A year ago I bought my daughter a fitness tracker for her birthday, and then she bought me one for Mother's Day. Now she lives across the globe, but we can compete to see who gets the most exercise, who takes more daily steps, who's working out harder — basically, who wins. Sounds like a friendly way to motivate each other to get fit and stay fit, right? But only if that arrangement works for you.

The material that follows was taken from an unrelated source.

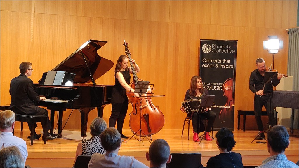 Image: Ann Smith: Maggie Ferguson (bandoneón), Dan Russell (violin), Isabelle Brown (double bass), and Edward Neenman (piano) playing the Knife In The Boot series for the Phoenix Collective at the Wesley Music Centre in Canberra on 5 March 2021.

The fitness industry has jumped the shark on technology and decided that if a group of co-workers or mother and daughter like a little friendly competition via their fitness trackers, than surely everyone must like it.

Following this trend to its extreme conclusion, gyms across the country have started to sync everyone's workout information on the big screen at the front of the class — and it's not just the chain fitness centers. Even boutique facilities are monitoring, cataloging, rating and putting your exercise on display for all to see in an effort to stay current with the latest exercise fad.

In-studio data visualization enables gym-goers to sync their workouts — and performance — as a way to motivate them to work harder. Imagine your numbers — heart rate, speed, miles cycled and class rank — on the big screen for all to see. So instead of your buddy knowing you took a dismal number of steps yesterday, the stranger on the cycle next to you in spinning class knows he's kicking your butt, too.

And make no mistake, some love the gamification of fitness. Others? Not so much.

"Theoretically when buddies are striving for maximum movement each day, they can playfully compete with each other on the number of miles they walked/ran or the number of steps they took each day," says Darshi Shah, a nutritional therapist and health coach and author of "RIGHT Diet for Autoimmunity." Fitness trackers like Fitbit or native apps in smartphones "seem to help people measure their progress with others."

However, Shah says a more sedentary person might not fare so well. "When you push your body physically and mentally to compete, and you can't ever come out on top, what does this do psychologically?" The answer, she says, is people can lose their mojo because they can't keep up or fit in.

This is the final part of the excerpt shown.